With a LOCKDEBUG kernel you get this:
[ 39236.0798177] Mutex error: rw_vector_enter,304: spin lock held
[ 39236.0798177] lock address : netbsd:efi_runtime_lock
[ 39236.0798177] type : spin
[ 39236.0798177] initialized : netbsd:efi_init+0x2e6
[ 39236.0798177] shared holds : 0 exclusive: 1
[ 39236.0798177] shares wanted: 0 exclusive: 0
[ 39236.0798177] relevant cpu : 0 last held: 0
[ 39236.0798177] relevant lwp : 0xffff8723827b9800 last held: 0xffff8723827b9800
[ 39236.0798177] last locked* : netbsd:efi_runtime_enter+0x22
[ 39236.0798177] unlocked : 0
[ 39236.0798177] owner field : 0x0000000000010600 wait/spin: 0/1
[ 39236.0820692] panic: LOCKDEBUG: Mutex error: rw_vector_enter,304: spin lock h
eld
[ 39236.0820692] cpu0: Begin traceback...

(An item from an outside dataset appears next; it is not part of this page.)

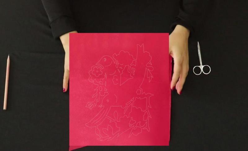 阴剪是在一张纸上抠出一个形状来,在制作过程中去除绘图中的造型线,留住的是大块面,是虚形。它讲究是是线线相断。此方法以面为主,通过点线来丰富画面,作品厚重结实。北方剪纸多用此方法。
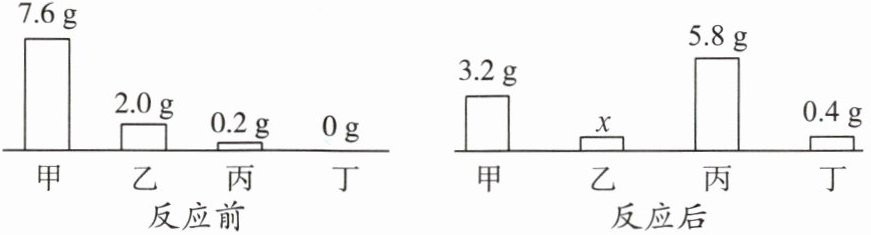 5. 在一定条件下,甲、乙、丙、丁四种纯净物在密闭容器中充分反应,反应前后各物质的质量如图所示。下列说法不正确的是(

[ 39236.0820692] vpanic() at netbsd:vpanic+0x171
[ 39236.0820692] panic() at netbsd:panic+0x3c
[ 39236.0820692] lockdebug_abort1() at netbsd:lockdebug_abort1+0xe4
[ 39236.0820692] rw_enter() at netbsd:rw_enter+0x80
[ 39236.0820692] uvm_fault_internal() at netbsd:uvm_fault_internal+0x12b
[ 39236.0820692] trap() at netbsd:trap+0x3a7
[ 39236.0820692] --- trap (number 6) ---
[ 39236.0820692] ?() at dab1bd08
[ 39236.0820692] cpu0: End traceback...
[ 39236.0820692] fatal breakpoint trap in supervisor mode
[ 39236.0820692] trap type 1 code 0 rip 0xffffffff8023541d cs 0x8 rflags 0x202 c
r2 0xd6202288 ilevel 0x8 rsp 0xffff8f82b1f675e0
[ 39236.0820692] curlwp 0xffff8723827b9800 pid 5708.5708 lowest kstack 0xffff8f8
2b1f632c0
Stopped in pid 5708.5708 (efi) at netbsd:breakpoint+0x5: leave
db{0}>
However, this seems to be a consequence of generating a trap while holding
a spinlock.
gdb shows more stack frames:
...
#11 0xffffffff809c32b8 in panic (
fmt=fmt@entry=0xffffffff80eb3828 "LOCKDEBUG: %s error: %s,%zu: %s")
at /scratch/netbsd-current/src/sys/kern/subr_prf.c:209
#12 0xffffffff809b6c8b in lockdebug_abort1 (dopanic=true,
msg=0xffffffff80e2bee8 "spin lock held", s=6, ld=0xffff8f800fc07240,
line=304, func=0xffffffff80db9680 <__func__.6> "rw_vector_enter")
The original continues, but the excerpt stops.